* **Task statement**
Beginning with the line where "Paket full upgrade" appears, set down each line exactly until the records below end, and omit the pictures.

Stored data
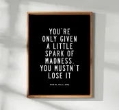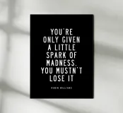 Elevate your space with this striking typography art print featuring Robin Williams' iconic words. The powerful phrase "You Are Only Given a Little Spark of Madness You Must Not Lose It" is elegantly rendered in crisp white modern sans-serif lettering against a deep black background. This high-contrast design creates a bold visual impact, perfect for home offices, living rooms, or creative spaces. A daily reminder to embrace your unique spark, this print inspires creativity and individuality. Ideal for fans of Robin Williams, comedy enthusiasts, or anyone seeking a touch of wit and wisdom!
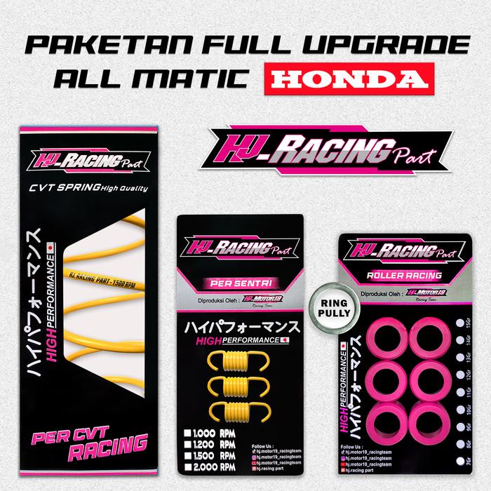 Paket full upgrade CVT Hj.Racing dirancang khusus untuk meningkatkan performa motor matic Honda Anda secara menyeluruh. Paket ini terdiri dari 5 komponen premium yang bekerja sinergis untuk memberikan akselerasi lebih cepat, respons lebih halus, dan efisiensi transmisi yang lebih baik.
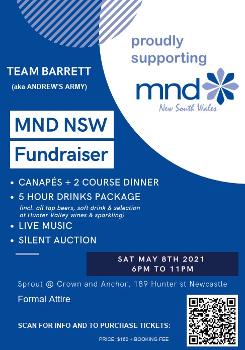 The Team Barrett (aka Andrew's Army) MND NSW Fundraiser is set to be a night of fine food and drink, live music, fundraising and fantastic fun! So frock up in your formal attire and come along!
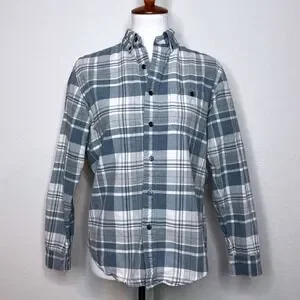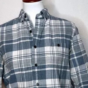 J. CREW Button Up Twill Shirt Suede Elbow Patches SM Plaid Blue Gray Equestrian
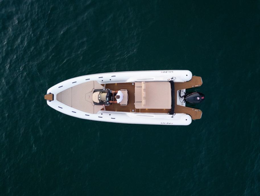 SPX Rib 24 dočekuje vas velikim pramcem i krmenom palubom za sunčanje, gdje se nalaze lako dostupni ormarići i puno prostora za pohranu. Sofisticirana i intuitivna upravljačka konzola može se pohvaliti bogatstvom instrumenata koji osiguravaju potpunu kontrolu nad plovilom.

* **Your response**
 Paket full upgrade CVT Hj.Racing dirancang khusus untuk meningkatkan performa motor matic Honda Anda secara menyeluruh. Paket ini terdiri dari 5 komponen premium yang bekerja sinergis untuk memberikan akselerasi lebih cepat, respons lebih halus, dan efisiensi transmisi yang lebih baik.
 The Team Barrett (aka Andrew's Army) MND NSW Fundraiser is set to be a night of fine food and drink, live music, fundraising and fantastic fun! So frock up in your formal attire and come along!
 J. CREW Button Up Twill Shirt Suede Elbow Patches SM Plaid Blue Gray Equestrian
 SPX Rib 24 dočekuje vas velikim pramcem i krmenom palubom za sunčanje, gdje se nalaze lako dostupni ormarići i puno prostora za pohranu. Sofisticirana i intuitivna upravljačka konzola može se pohvaliti bogatstvom instrumenata koji osiguravaju potpunu kontrolu nad plovilom.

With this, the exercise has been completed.